Упираясь локтями в стол, нависая над тарелками, Егор подался к Володе:
– Отступают ва… – он хотел сказать "ваши", но осёкся и поправил себя: – э-э, белые! Да сколько партизан в тылу – кому знать, как не вам. Душою Сибирь за красных! Проигрыш белым и никак иначе. – Лицо его сделалось хитрым, глаза пронырливо заблестели, он зашептал: – Не хочу я, Владимир Андреевич, чтобы вы бежали на чужбину! Умоляю, разрешите вам помочь… – Ему казалось, он правильно понял контрразведчика.

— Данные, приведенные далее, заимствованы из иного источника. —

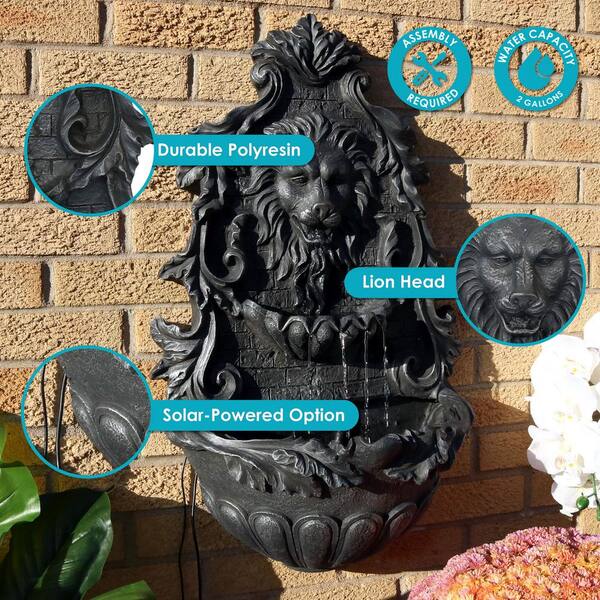 30 in. Stoic Courage Lion Head Solar Wall Fountain - Battery Backup

Тот, как бы сходясь с ним на одной мысли, бормотнул:
– Простят?
– Руку даю на отсечение! – выдохнул Павленин в озарении, что может спастись, и забывая, как мало сейчас стоит его рука. Добавил многозначительно: – Вы ведь не пустой к нашим придёте… Вижу я, – высказал он с жаром, – не должны вы быть с белыми. Это ненатурально. Вы – наш!

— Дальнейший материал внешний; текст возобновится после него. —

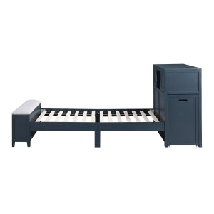 SloaneTwin Bookcase Platform Bed with Hidden Desk, Stool and Storage Bench NAVY BLUE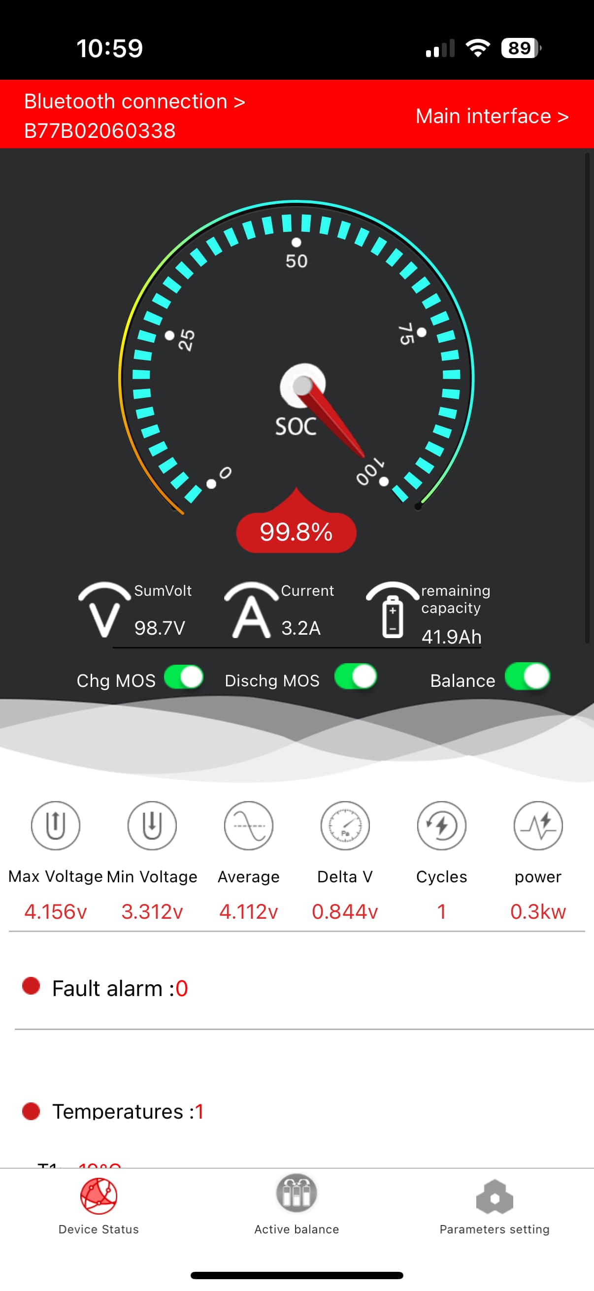 The battery is from Febuary 2023 but has never been flown and only has 1 charge cycle on it according to the BMS. I have attached two screenshots showing all the charges on the strings and the Delta v

Ромеев потупил глаза, словно скрывая внутреннюю борьбу.
– Ваш… не ваш… – сказал и точно забылся, выдержал паузу. – Происхождение моё… Нет у меня желанья его вам рассказывать…
Вдруг с искренностью произнёс:
– Но, конечно, поскитался я по углам. Часто не был сыт. Городовой был для меня большая опасность.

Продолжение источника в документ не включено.